Boxplots show the expression distribution of each upregulated protein in Inflammation versus Normal samples. Higher mean NPQ in Inflammation samples confirm upregulation.

data_long %>%
  filter(Target %in% upregulated$target, 
         SampleName %in% inflam_samples) %>%
  ggplot(aes(x = disease_type, y = NPQ, fill = disease_type)) +
  geom_boxplot() +
  facet_wrap(~ Target, scales = "free_y") +
  labs(title = "Upregulated Significant Differential Expression Targets - Inflammation vs Normal",
       subtitle = "with FDR-adjusted p < 0.05",
       x = "Disease Type", y = "NPQ", fill = "Disease Type") +
  theme(
    plot.title = element_text(size = 16, face = "bold"),      
    plot.subtitle = element_text(size = 13),                   
    axis.title.x = element_text(size = 14),                    
    axis.title.y = element_text(size = 14),                    
    axis.text.x = element_text(size = 12, angle = 45, hjust = 1), 
    axis.text.y = element_text(size = 12),                     
    strip.text = element_text(size = 11),                      
    legend.title = element_text(size = 13),                    
    legend.text = element_text(size = 12)                     
  )

4.7 Multiple Comparisons

When you have multiple disease types, you get results for each comparison:

# All comparisons vs "normal" (reference level)
comparisons <- c("inflam", "cancer", "kidney", "metab", "neuro")

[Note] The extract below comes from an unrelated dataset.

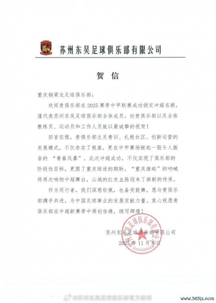 欣闻贵俱乐部在2025赛季中甲联赛收效锁定冲超限额,谨代表苏州东吴足球俱乐部整体成员,向贵俱乐部以及整体造就员、畅通员和使命主谈主员致以最诚挚的道喜!

for (comp in comparisons) {
  coef_col <- paste0("disease_type", comp, "_coef")
  pval_col <- paste0("disease_type", comp, "_pval_FDR")
  
  if (coef_col %in% colnames(lmTest$modelStats)) {
    n_sig <- sum(lmTest$modelStats[[pval_col]] < 0.05, na.rm = TRUE)
    cat(comp, "vs normal:", n_sig, "significant proteins\n")
  }
}
#> inflam vs normal: 106 significant proteins
#> cancer vs normal: 69 significant proteins
#> kidney vs normal: 151 significant proteins
#> metab vs normal: 1 significant proteins
#> neuro vs normal: 0 significant proteins

4.8 Model Considerations

4.8.1 Reference Level

The first level of your factor is the reference:

# Check reference level
levels(metadata$disease_type)  # First level is reference

# Change reference level if needed
metadata$disease_type <- relevel(metadata$disease_type, ref = "cancer")

4.8.2 Including Covariates

Always adjust for relevant covariates:

# Include covariates that might confound results
lmTest <- lmNULISAseq(
  data = data$merged$Data_NPQ[, sample_list],
  sampleInfo = metadata %>% filter(SampleName %in% sample_list),
  sampleName_var = "SampleName",
  modelFormula = "disease_type + sex + age + batch"  # Added batch
)

Common covariates:

  • Technical: Batch, plate, run date
  • Biological: Age, sex, BMI
  • Clinical: Disease stage, treatment status

4.8.3 Model Formula Options

# Simple comparison (no covariates)
modelFormula = "disease_type"

# With covariates
modelFormula = "disease_type + sex + age"

# With interactions
modelFormula = "disease_type * sex + age"  # Tests if effect differs by sex

# Continuous predictor
modelFormula = "age + sex"  # Tests correlation with age

4.9 Interpreting Results

4.9.1 Effect Size (Coefficient)

  • Positive coefficient: Protein is higher in test group vs reference
  • Negative coefficient: Protein is lower in test group vs reference
  • Magnitude: Larger value = bigger difference between groups

4.9.2 P-values

  • Raw p-value: Probability of observing effect by chance
  • FDR-adjusted p-value: Accounts for multiple testing by Benjamini-Hochberg (BH) FDR
  • FDR-adjusted p-value: Accounts for multiple testing by Bonferroni correction

4.9.3 Significance Thresholds

Common thresholds:

  • FDR < 0.05: Standard significance level
  • FDR < 0.01: More stringent
  • Fold-change > 1.5x: Biological relevance (often combined with FDR)

4.10 Exporting Results

4.10.1 Save Results Table

# Save all results
write_csv(lmTest$modelStats, "results/differential_expression_results.csv")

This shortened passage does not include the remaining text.